Book Reviews


[Day Permalink] Thursday, January 2, 2003

[Item Permalink] What to do with life? -- Comment()
The Scobleizer Weblog answers Aaron Swartz, who is asking what he should do with his life: "Now, to really understand the question, you need to understand that Aaron is young. He's still of the age that most people would be attending to high school. I was very fortunate to meet Aaron a couple times this past year. To say he's bright would be an understatement. [...] So, in that spirit, here's my answer: Aaron, soak up as much knowledge as you can in the next 12 years. Don't see that you need to give anything back until you're 30. I think you'll do that naturally anyway. Instead, become a master at something that society will need in 2015. Software might be it. I doubt we'll need more 802.11 experts in 2015, though. [...] I personally wouldn't worry too much about it. Life happens. The people I respect are those who build things that other people value. People like an actor on a broadway play, or the guy who designs the signs in Times Square (or, more likely, writes the software that runs them) or a guy who builds a cool scooter for us all to use. [...] If I were in your position, I'd learn to master something really hard. Something most people aren't willing (or are unable) to take on. You have 12 years to prepare. Go to it!"

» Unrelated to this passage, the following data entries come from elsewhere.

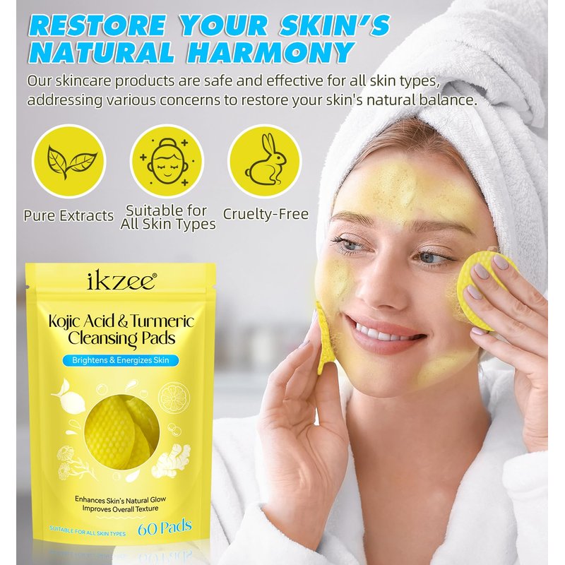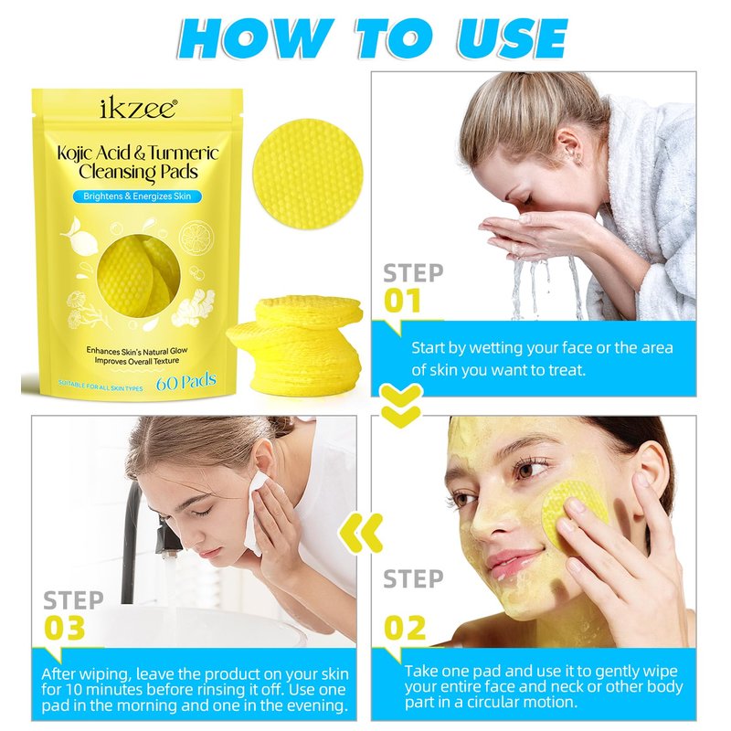 - KOJIC ACID TURMERIC CLEANSING PADS: Made with the finest natural skin-friendly ingredients that nature can offer, these luxuriously soft cleansing pads have a gentle yet firm feel that promotes a smoother, more vibrant complexion with every use, while enhancing overall texture. Ideal for daily face washing, deep pore cleansing, exfoliating, removing impurities and removing makeup.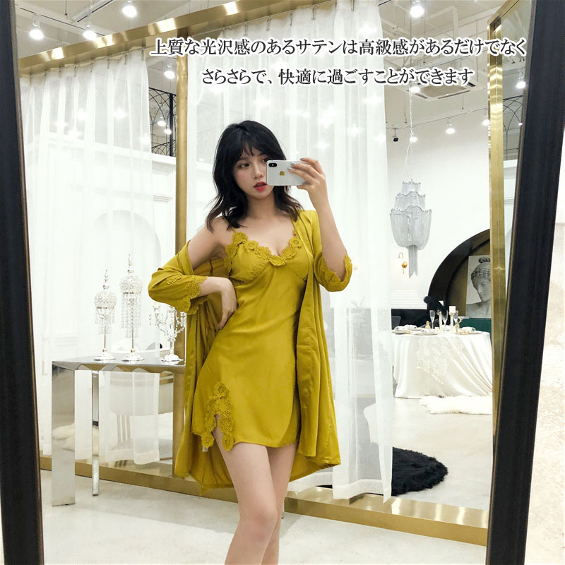 パジャマ ルームウェア 前開き ナイトガウン キャミソール ズボン ベビードール 上下セット ガウンセット セットアップ 4点セット 5点セット ナイトウェア セクシー 部屋着 女子 レディース ランジェリー 可愛い ネグリジェ さらさら 快適 シルクタッチ サテン 高級感 20代 30代 40代 50代 春夏 秋冬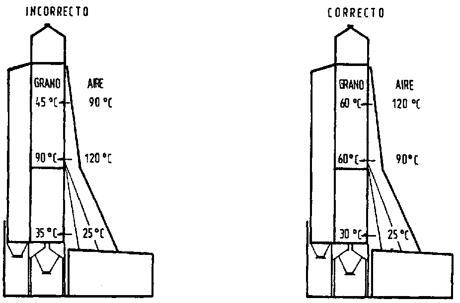 También debe advertirse que en el caso particular de maíz destinado a molienda seca o molienda húmeda, si su humedad inicial es superior a 30%, la temperatura del aire en la parte superior no debiera ser mayor de 100°C. Para otros granos se recomienda leer la parte correspondiente al secado de cada cultivo (Capítulo IX) y también el Capítulo X - 11.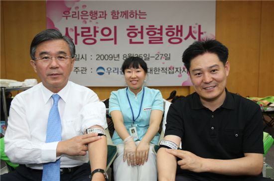 우리은행은 헌혈운동의 사회적 확산을 위해 이종휘 우리은행장과 박상권 우리은행노동조합 위원장을 비롯해 본점 임직원 500여명이 참여한 가운데 25일부터 27일까지 3일간 사랑의 헌혈행사를 실시한다고 25일 밝혔다.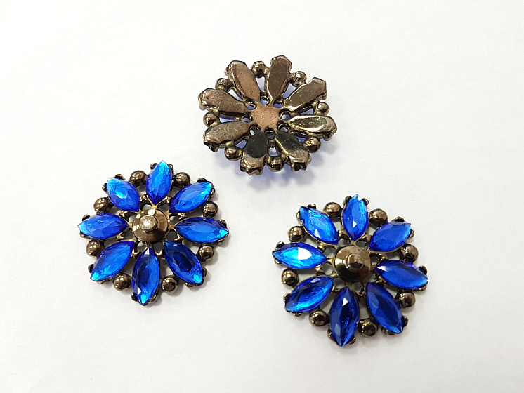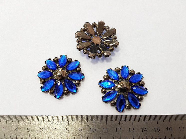 Декоративный пришивной цветок металл со стразами синий d-40мм - цена 700 ₽ У нас самые доступные цены на в Москве, доставка по всей России - интернет магазин тканей Тессутидея. Артикул товара для заказа - F-3598. Страна производства ткани – Италия. Ширина этого материала - . Состав - . Наличие остатков на складе - 11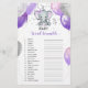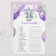Este bebê traça o cartão de chá com elefante roxo e cinza com balões e confete. Você pode personalizar o jogo clicando no botão "personalizar". CHAVE DE RESPOSTA: 1. Fralda, 2. Berço, 3. Bovinos, 4. Garrafa, 5. Pacificador, 6. Gravidez, 7. Fórmula 8. Teddy Bear, 9. Alta Presidente, 10. Patrulheira, 11. Baby Monitor, 12. Rattle, 13. Pó De Bebê, 14. Telefone celular, 15. Bomba de Mama, 16. Cobertura, 17. Assento Do Carro, 18. Chorando, 19. Enfermeiro, 20. Creme de fralda
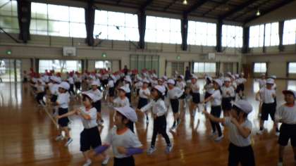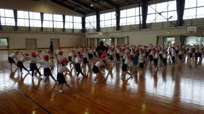 本日もグラウンドコンディション不良のため、体育館で練習です。1.2年生の演技は、「ヤングマン」の曲にのせて踊ります。ノリノリで練習をする様子がとても微笑ましいです。

[Item Permalink] Cold fit only for people with dogs -- Comment()
Today is a cold day. I wrote earlier about Finns at different temperatures. The cold weather is not a light matter any more in Finland. A week of almost -30°C / -22°F temperature is making outdoor life difficult. People with dogs venture outside, but other people tend to remain inside. I like to be out in the open in winter time, but with small children it is no light matter to go outside in this weather.

A friend with a dog commented about the cold weather: When was the last time you saw a dog with a frostbite? His dog refuses even now to go to her little cabin. The dog prefers the snow-covered garden, where it is cooler...


[Item Permalink] Google PageRank algorithm -- Comment()
As noted by many, the PageRank algorithm is based on solving a large eigenvalue problem. The dimension of the square matrix was 26 million in the description of the method (see below) written in 1997/1998. Today the dimension is of the order of 109, so the problem is computationally demanding. It must be one of the biggest eigenvalue computations done routinely. Of course, the matrix is sparse, and you don't need to be absolutely exact. It would be interesting to know what kind of solution methods are used, and how the solution is parallelized.

Curiouser and curiouser! (via Blogging Alone) writes: "... it did lead me to an interesting paper by Sergey Brin about Google.  This was written in, I guess, 97/98 i.e. well before Google became the monster it is today. [...] it does have the best description of the page rank algorithm and how it is calculated that I have seen so far.  I'm guessing it's a good deal more sophisticated these days but this might be of interest for others like myself who wonder about the inner workings. [...] To quote from that paper:

2.1.1 Description of PageRank Calculation

Academic citation literature has been applied to the web, largely by counting citations or backlinks to a given page. This gives some approximation of a page's importance or quality. PageRank extends this idea by not counting links from all pages equally, and by normalizing by the number of links on a page. PageRank is defined as follows:

We assume page A has pages T1...Tn which point to it (i.e., are citations). The parameter d is a damping factor which can be set between 0 and 1. We usually set d to 0.85. There are more details about d in the next section. Also C(A) is defined as the number of links going out of page A. The PageRank of a page A is given as follows:

PR(A) = (1-d) + d (PR(T1)/C(T1) + ... + PR(Tn)/C(Tn))

Note that the PageRanks form a probability distribution over web pages, so the sum of all web pages' PageRanks will be one.

PageRank or PR(A) can be calculated using a simple iterative algorithm, and corresponds to the principal eigenvector of the normalized link matrix of the web. Also, a PageRank for 26 million web pages can be computed in a few hours on a medium size workstation. There are many other details which are beyond the scope of this paper."